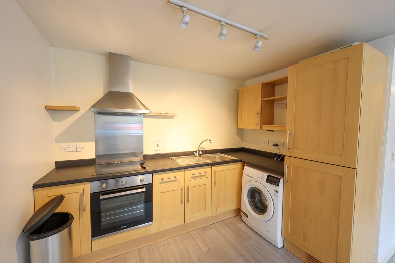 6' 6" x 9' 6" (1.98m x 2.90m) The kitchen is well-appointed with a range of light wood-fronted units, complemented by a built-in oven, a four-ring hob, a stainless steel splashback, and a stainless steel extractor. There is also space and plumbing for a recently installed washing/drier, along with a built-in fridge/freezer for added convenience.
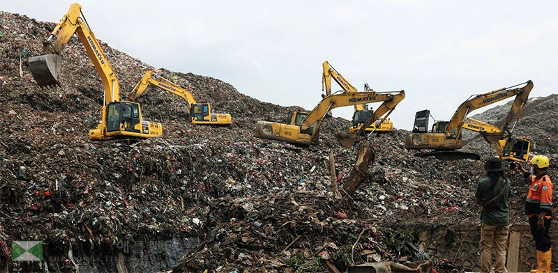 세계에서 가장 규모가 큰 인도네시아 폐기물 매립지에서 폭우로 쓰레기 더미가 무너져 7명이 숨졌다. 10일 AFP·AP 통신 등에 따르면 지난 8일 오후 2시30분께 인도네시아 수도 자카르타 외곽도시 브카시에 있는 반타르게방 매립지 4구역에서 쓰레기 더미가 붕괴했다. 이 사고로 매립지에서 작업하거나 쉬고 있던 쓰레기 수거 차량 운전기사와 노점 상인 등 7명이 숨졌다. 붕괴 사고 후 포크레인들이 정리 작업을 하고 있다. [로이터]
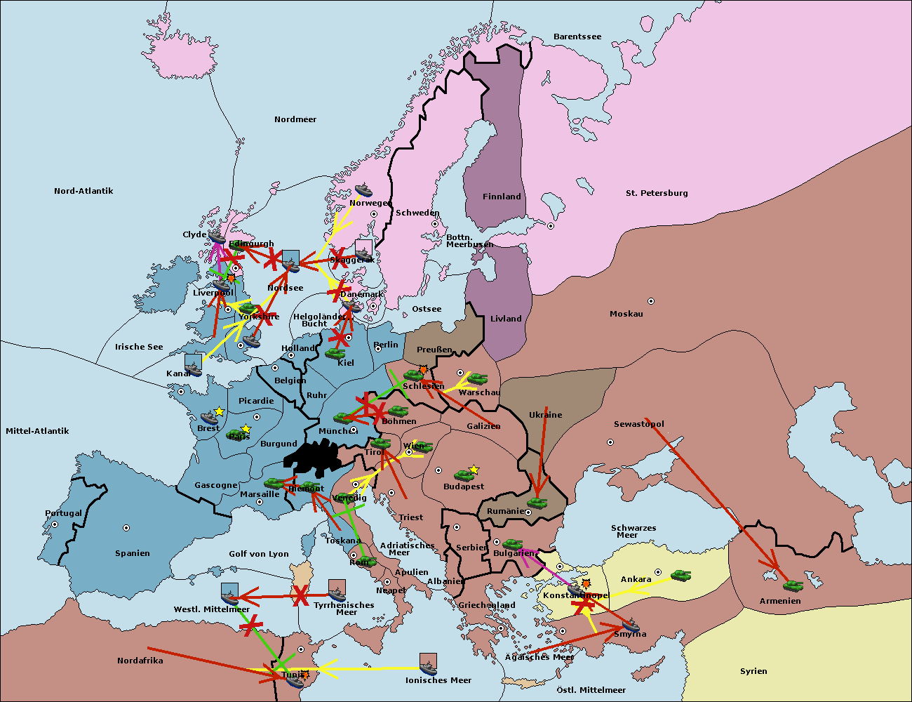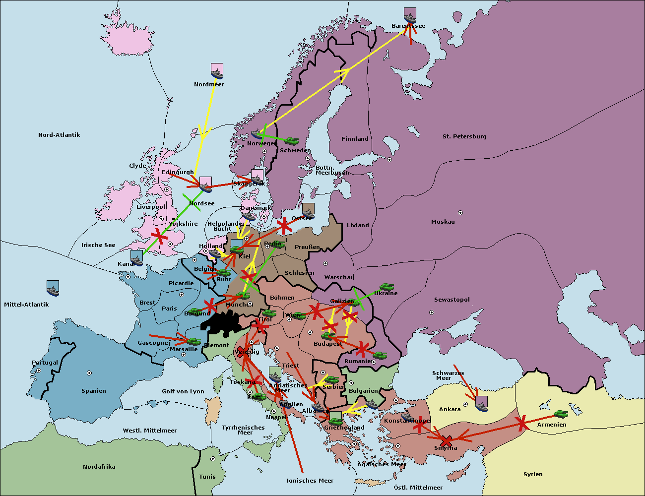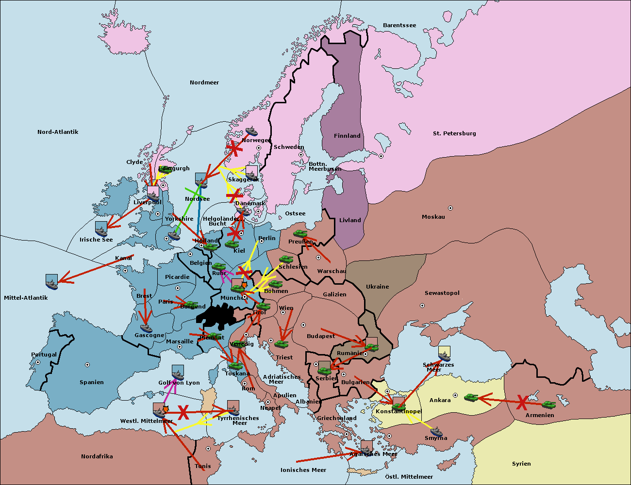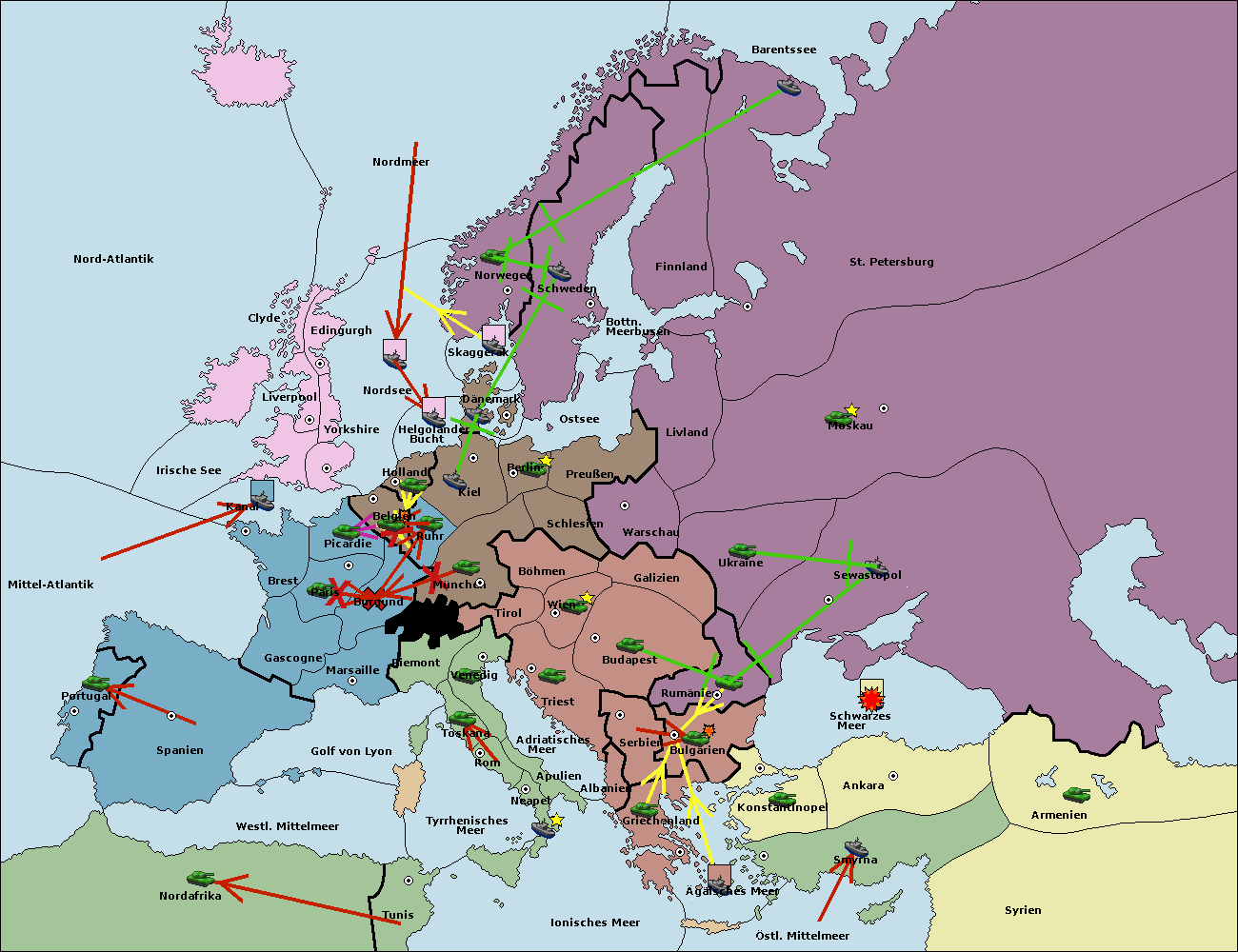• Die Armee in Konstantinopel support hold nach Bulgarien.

=====

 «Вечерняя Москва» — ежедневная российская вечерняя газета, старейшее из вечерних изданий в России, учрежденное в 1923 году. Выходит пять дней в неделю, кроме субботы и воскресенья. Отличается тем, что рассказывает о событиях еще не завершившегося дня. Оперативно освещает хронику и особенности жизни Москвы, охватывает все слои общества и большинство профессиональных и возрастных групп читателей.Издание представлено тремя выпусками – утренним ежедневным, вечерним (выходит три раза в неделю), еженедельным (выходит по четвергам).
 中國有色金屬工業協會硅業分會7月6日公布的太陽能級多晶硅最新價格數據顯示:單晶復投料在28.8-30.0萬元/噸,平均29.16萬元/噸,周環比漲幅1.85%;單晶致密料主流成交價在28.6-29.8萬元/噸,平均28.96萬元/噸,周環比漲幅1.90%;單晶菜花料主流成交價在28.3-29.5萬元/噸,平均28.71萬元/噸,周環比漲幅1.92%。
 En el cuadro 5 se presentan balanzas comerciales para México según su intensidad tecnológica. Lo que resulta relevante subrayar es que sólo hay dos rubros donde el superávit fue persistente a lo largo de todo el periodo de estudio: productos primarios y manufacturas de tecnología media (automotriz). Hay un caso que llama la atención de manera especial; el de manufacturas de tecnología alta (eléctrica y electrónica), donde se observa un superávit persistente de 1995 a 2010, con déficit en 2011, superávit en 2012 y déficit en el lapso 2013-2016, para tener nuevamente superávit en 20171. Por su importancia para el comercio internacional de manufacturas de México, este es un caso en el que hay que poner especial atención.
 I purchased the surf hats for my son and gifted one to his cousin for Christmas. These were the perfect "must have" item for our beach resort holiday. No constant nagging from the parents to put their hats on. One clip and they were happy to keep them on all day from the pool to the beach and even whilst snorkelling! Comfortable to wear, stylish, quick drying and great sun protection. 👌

=====

Task prompt: Copy the listing above exactly, but only from the line with "for added convenience." through the line with "hold nach Bulgarien.", including those two lines and excluding any picture.

Written answer:
 6' 6" x 9' 6" (1.98m x 2.90m) The kitchen is well-appointed with a range of light wood-fronted units, complemented by a built-in oven, a four-ring hob, a stainless steel splashback, and a stainless steel extractor. There is also space and plumbing for a recently installed washing/drier, along with a built-in fridge/freezer for added convenience.
 세계에서 가장 규모가 큰 인도네시아 폐기물 매립지에서 폭우로 쓰레기 더미가 무너져 7명이 숨졌다. 10일 AFP·AP 통신 등에 따르면 지난 8일 오후 2시30분께 인도네시아 수도 자카르타 외곽도시 브카시에 있는 반타르게방 매립지 4구역에서 쓰레기 더미가 붕괴했다. 이 사고로 매립지에서 작업하거나 쉬고 있던 쓰레기 수거 차량 운전기사와 노점 상인 등 7명이 숨졌다. 붕괴 사고 후 포크레인들이 정리 작업을 하고 있다. [로이터]
• Die Armee in Konstantinopel support hold nach Bulgarien.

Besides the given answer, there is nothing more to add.